Bret había retorcido los hechos, pero ¿de qué serviría discutir? Se encontraba en uno de los estados de ánimo belicosos tan habituales en él y que yo conocía tan bien. Bret Rensselaer era un americano esbelto que había envejecido como el buen vino: se había ido haciendo más delgado, más elegante, más sutil y más complejo cada año que pasaba. Me miró como si esperase una reacción acalorada a sus palabras. Al no obtenerla, miró a mi esposa. Fiona también había envejecido, pero no por ello estaba menos serena y hermosa. Con aquella cara de amplios pómulos, el cutis impecable y unos ojos luminosos, me tenía tan embelesado como me había tenido siempre. Cualquiera diría que se hallaba recuperada por completo de la dura prueba a que se había visto sometida en Alemania. Me contemplaba con amor y devoción y no daba señales de haber oído a Bret.

Enviarme a hacer aquel trabajo en Magdeburgo no había sido idea de Bret. Yo había tenido oportunidad de ver el mensaje que éste había enviado a la Central de Londres en el que decía que yo ya no me encontraba en condiciones de trabajar sobre el terreno, particularmente en Alemania Oriental. Les había pedido que me encadenasen a una mesa de despacho hasta que me llegase la hora de la jubilación. Eso era muy considerado por su parte, pero a mí no me complacía. Necesitaba hacer algo que me devolviera a Operaciones; ésa era mi única oportunidad de ascender y conseguir un puesto de categoría superior en Londres. A menos que mi posición mejorase, acabaría con una jubilación prematura y una pensión que no me permitiría pagarme ni una caja de cartón donde vivir.

Asentí con un movimiento de cabeza. Bret siempre tenía en cuenta los detalles de la hospitalidad. Nos había acompañado en coche al aeropuerto de Los Ángeles, bajo la lluvia de una tormenta invernal, para despedirnos. Así podrían ver cómo yo subía al avión con destino a Berlín y a mi misión. Luego dejaría a Fiona en el vuelo directo a Londres. El Muro seguía en pie y las personas morían al saltarlo. Bret me estaba repitiendo las cosas que ya me había dicho antes mil veces, como hace la gente cuando se despide en los aeropuertos.

—No pierdas la fe —me dijo; y en respuesta a mi mirada inexpresiva añadió—: No me refiero a horarios, a estadísticas ni a manuales de entrenamiento. Fe. Eso no está aquí dentro. —Se dio unos golpecitos en la frente—. Está aquí.

Suavemente se golpeó el corazón con la palma de la mano y al hacerlo el anillo de sello brilló en su mano, de manicura perfecta, y por detrás del almidonado puño de lino asomó un reloj de pulsera de oro.

—Sí, ya lo entiendo.

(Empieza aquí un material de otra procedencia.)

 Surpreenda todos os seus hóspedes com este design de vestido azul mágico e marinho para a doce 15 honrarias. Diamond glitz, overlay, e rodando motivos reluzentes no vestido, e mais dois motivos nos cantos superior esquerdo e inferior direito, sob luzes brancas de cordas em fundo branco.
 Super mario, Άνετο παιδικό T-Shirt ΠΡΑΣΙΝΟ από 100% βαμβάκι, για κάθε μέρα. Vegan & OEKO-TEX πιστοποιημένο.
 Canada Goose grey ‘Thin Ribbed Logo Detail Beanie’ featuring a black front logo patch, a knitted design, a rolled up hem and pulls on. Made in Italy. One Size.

No es un dolor de cabeza; se parece más a una indigestión —le apunté.

Fiona nos miraba y sonreía.

—Están llamando a los viajeros —dijo Bret.

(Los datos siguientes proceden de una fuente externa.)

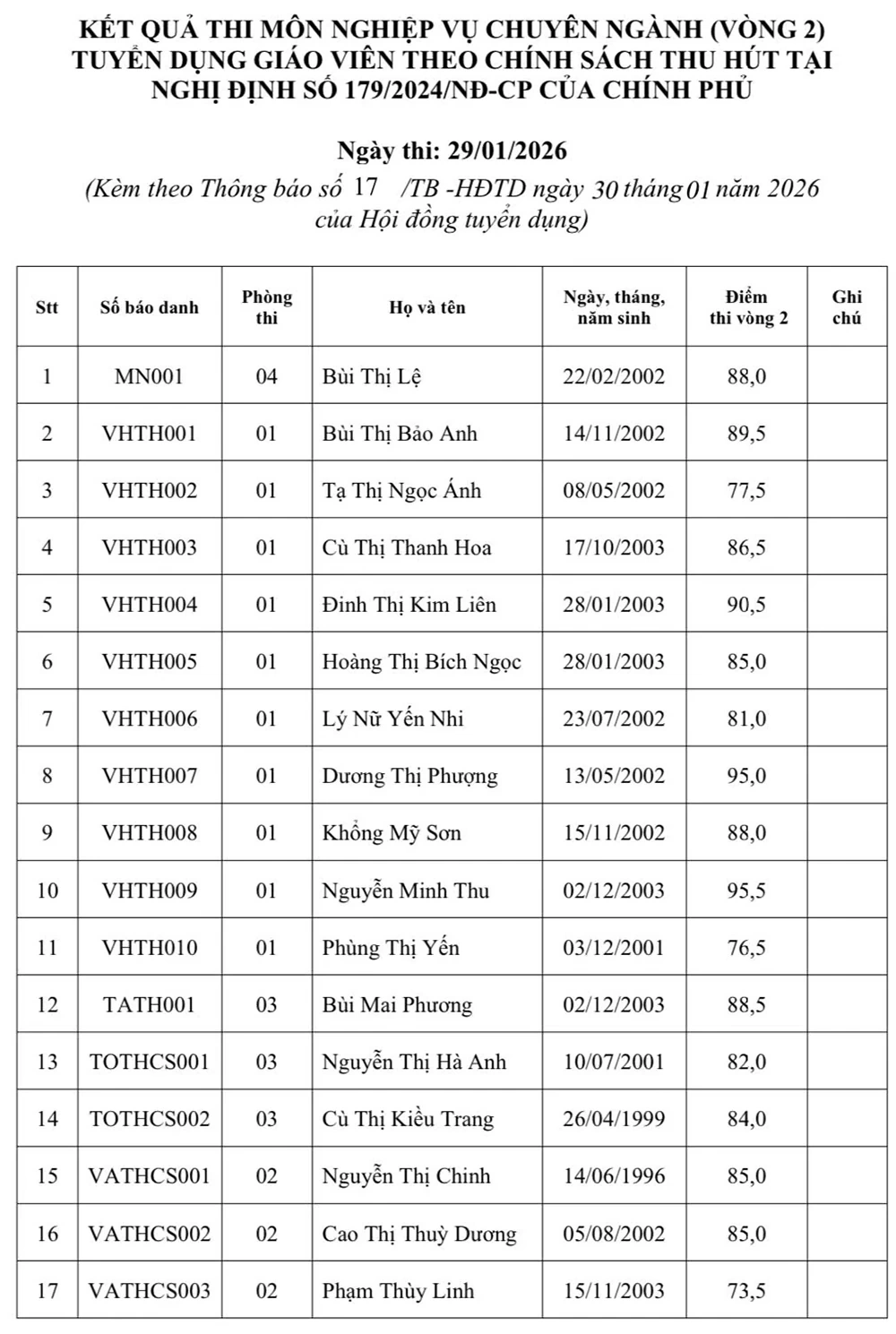 Theo thông báo của Hội đồng tuyển dụng, có 32 thí sinh thi môn nghiệp vụ chuyên ngành (vòng 2) tuyển dụng giáo viên theo chính sách thu hút quy định tại Nghị định số 179/2024/NĐ-CP. Kết quả cho thấy, nhiều thí sinh đạt điểm số cao, trong đó có thí sinh đạt 96 điểm. Một thí sinh vắng thi.

—Cuídate, cariño —se despidió Fiona. La tomé en mis brazos y nos besamos decorosamente, pero luego sentí un dolor repentino cuando me mordió el labio. Dejé escapar un gritito y me separé de ella. Fiona volvió a sonreír. Con cierto nerviosismo, Bret paseó la mirada de mí a Fiona y luego me miró otra vez, intentando decidir si debía sonreír o decir algo. Me froté el labio. Bret llegó a la conclusión de que, al fin y al cabo, aquello quizá no fuera asunto suyo; sacó del bolsillo de la gabardina una bolsa de papel rojo brillante y me la dio. Estaba atada con una cinta a juego formando un lazo de los de envolver regalos de lujo. El paquete estaba un poco fláccido; como si fuera un libro de bolsillo.

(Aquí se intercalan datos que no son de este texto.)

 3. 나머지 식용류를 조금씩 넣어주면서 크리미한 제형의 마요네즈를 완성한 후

—Lee esto —me pidió Bret al tiempo que me cogía la bolsa de mano y me guiaba hacia la puerta donde los demás pasajeros hacían cola.

Parecía que el avión iba al completo aquel día; había mujeres con niños que lloraban y muchachos de pelo largo que llevaban pendientes, mochilas muy tronadas y chaquetas con bordados de las que se pueden comprar en Nepal. Fiona venía detrás de nosotros y observaba a la multitud que nos rodeaba con ese divertido aire distante con el que ella realizaba la travesía de la vida. Con una llamada telefónica, Bret habría podido hacer que dispusiéramos de una de las salas de espera para VIP del aeropuerto, pero las directrices del Departamento exigían que los agentes que viajaban de servicio pasasen inadvertidos, así que eso es lo que hizo. Por eso había dejado al chófer en casa y había conducido él mismo el Accord. Como otros muchos americanos, tenía un respeto exagerado por lo que la gente de Londres consideraba la manera correcta de hacer las cosas. Llegamos a la puerta. Yo no podía traspasarla hasta que él me entregase mi bolsa de mano.

—Puede que estas prisas de Londres sean para bien, Bernard. Los días en que tú estés recorriendo Alemania Oriental le darán a Fiona la oportunidad de preparar el apartamento de Londres. Ella quiere hacerlo por ti. Quiere instalarse y empezar de nuevo desde el principio.

La miró y esperó a que Fiona asintiera con la cabeza para poner de manifiesto que estaba de acuerdo.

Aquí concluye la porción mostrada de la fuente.